On February 27, Committee on Natural Resources, Fish and Wildlife be relieved of the bill, moved to Committee on Ways and Means.

House bill 507

Rep. Dolan, D-Waitsfield, introduced a bill to fund Clean Water Projects through collection of a tax on bottled water at 10 cents per bottle and sugary drinks at 15 cents per bottle. The legislation would also levy a 6 percent tax on barbering or cosmetology services and a .05 percent increase in the income tax. 

Specifically, this bill proposes to raise revenue for water quality projects and programs. The bill would establish a 10-cent per bottle tax on bottled water sold in the State. The bill would establish a 15-cent per bottle tax on each bottle of sugar-sweetened beverage sold in the State. The bill would establish a sales tax of six percent on the value of barbering or cosmetology services. The bill would also raise individual income rates by .05 percent. Revenue raised under the bill would be deposited in the Clean Water Fund for the purposes of that Fund, except that 67 percent of the revenue raised from the excise tax on sugar-sweetened beverages would be deposited in the State Health Care Resources Fund for use according to the purposes of the Fund.

On February 28, referred to Committee on Ways and Means.

Federal Funding Announced by Sen. Leahy on Feb 22

More than $20 million in federal funding was appropriated to Lake Champlain in fiscal year 2019- the highest level of annual federal funding to assist clean up efforts. Sen. Patrick Leahy announced the funding at Burlington’s ECHO Leahy Center for Lake Champlain, which he helped secure in his role as vice chair of the Senate Appropriations Committee. The figure has more than doubled since 2017.

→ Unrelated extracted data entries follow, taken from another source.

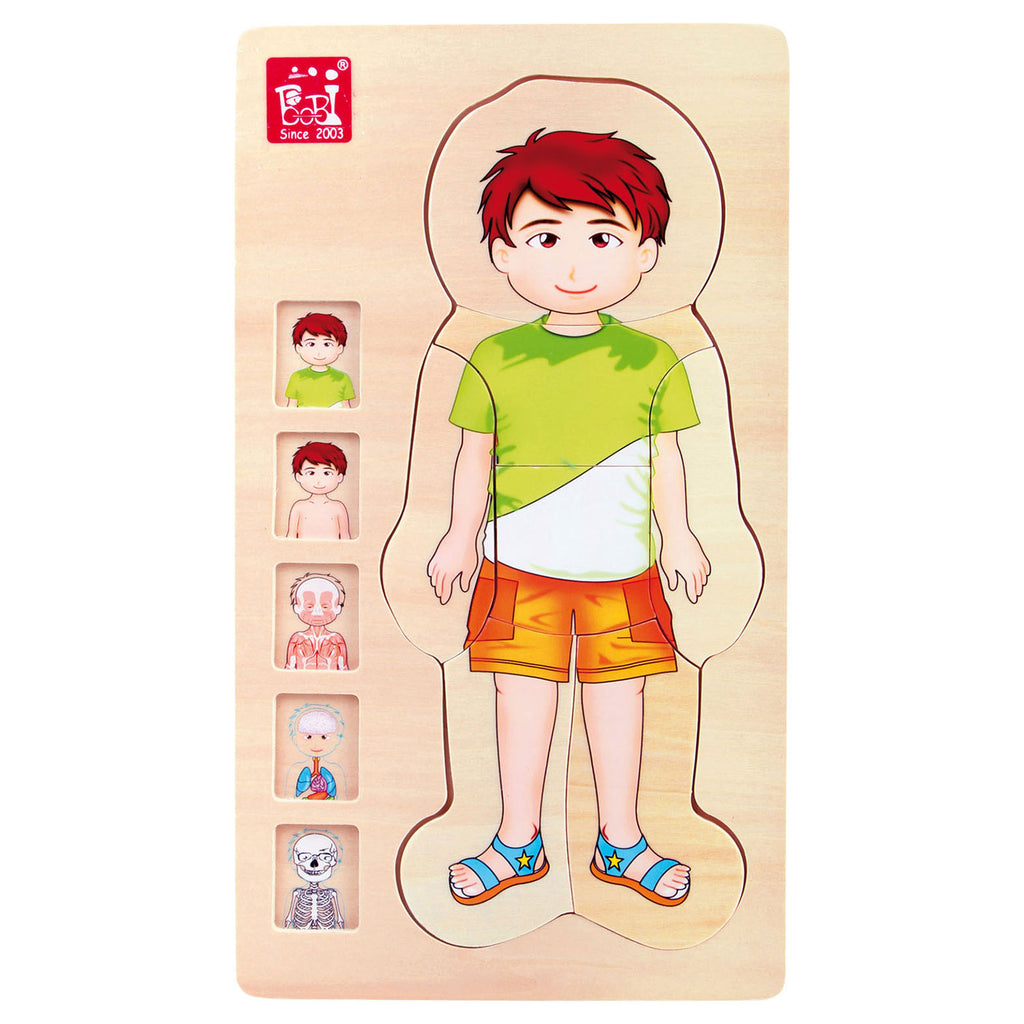 Maak het lichaam van een jongen na met deze houten puzzel. Plaats de 29 stukjes op de 4 verschillende borden en ontdek hoe het skelet, de organen en de spieren van de jongen er uit zien. Spelen met de puzzel stimuleert motorische vaardigheden en geeft inzicht in het menselijk lichaam.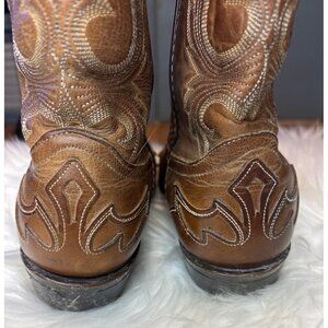 Laredo Mens Leather Cowboy Boots Tan Western Stitching Size 10EE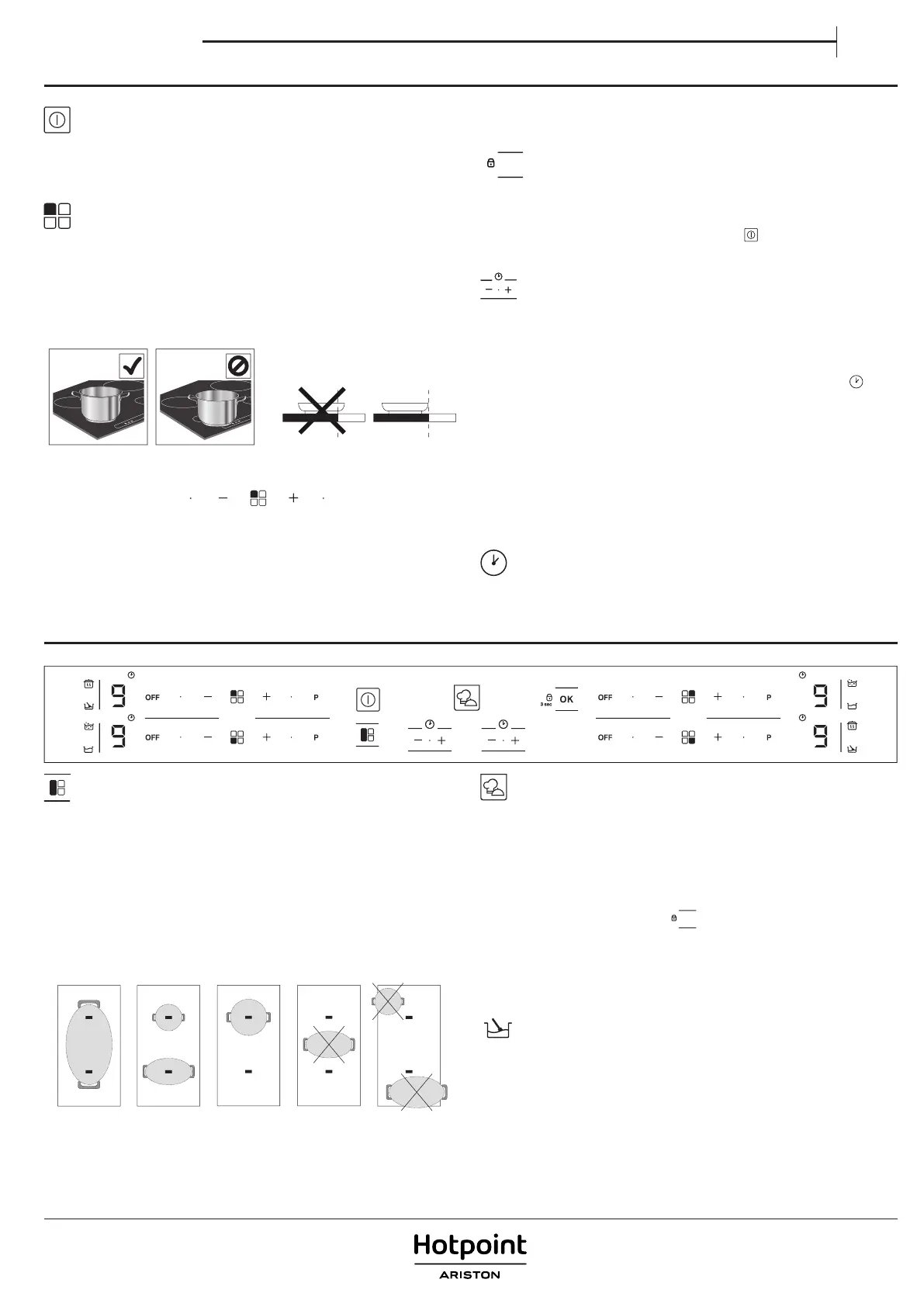 IMPORTANT: Place the pots in the center of the cooking zone so that they

The specific funding lines are $11 million for the EPA Lake Champlain Program, $7.25 million for the Great Lakes Fishery Commission, $1 million for the Lake Champlain Sea Grant, $500,000 for the U.S. FWS Sea Lamprey Control and $1 million for the International Joint Commission Flood Study.

Senate Energy and Natural Resources Committee moves S. 96 to the Senate Floor

On March 1, Senate Natural Resources reported a favorable recommendation to place S.96 on the Senate Calendar for March 12. S.96 would mandate every landowner pay a clean water tax, or “assessment,” of approximately $40 and establish regional planning commissions.